Abstract: |
In statistical data analysis, we are often looking for structure in high
dimensional data. In classification problems, we are interested in how different
known classes separate from (and relate to) one another in the data space
of measured values. In clustering, we are hoping to discover distinct groups
of points in this space. In model building, we are often interested in which
data points agree/disagree with the conjectured model and whether important
structure has been missed. And, … we hope to do all of this without
prejudging the nature of the structure itself, even as far as to discover
the unanticipated!
In three or fewer dimensions, our visual system is an important asset,
as much (even unanticipated) structure can be recognized effortlessly when
points can be plotted so few dimensions.

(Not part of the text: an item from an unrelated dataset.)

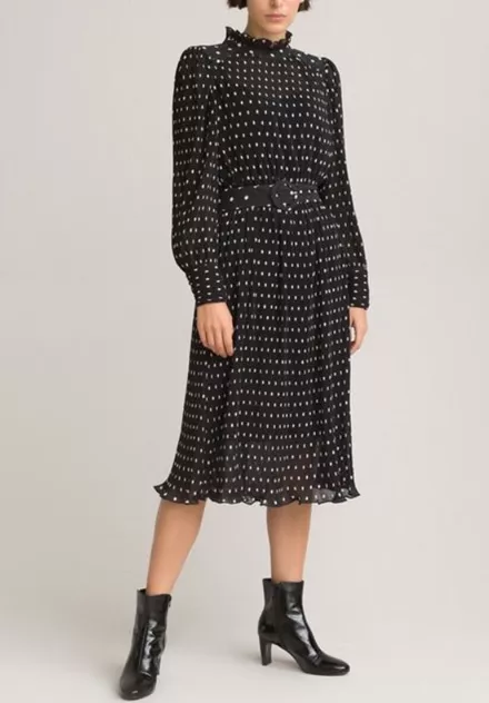 Μίντι πουά φόρεμα με κλειστή λαιμόκοψη, La Redoute

Unfortunately, even after formal
dimension reduction methods have been applied, we are often faced with many
more dimensions than three.
In this talk, I will explore some visualization methods for high dimensional
data. I will review and illustrate methods based on radial, parallel, and
orthogonal coordinates. These three axis systems have different strengths
and weaknesses. In all cases however, improvements may be had by casting
the axis arrangement in a graph theoretic framework. I will explore the relevant
graph theoretic representations and illustrate their use on real data sets.
I will pay particular attention to the orthogonal axis system and show how
graph traversal can be used to meaningfully navigate through high dimensional
space.
All software used is (or shortly will be) available as a package in the
open source statistical system called R.
This is based on joint work with Catherine Hurley of the National
University of Ireland, Maynooth and Adrian Waddell of the University
of Waterloo.
|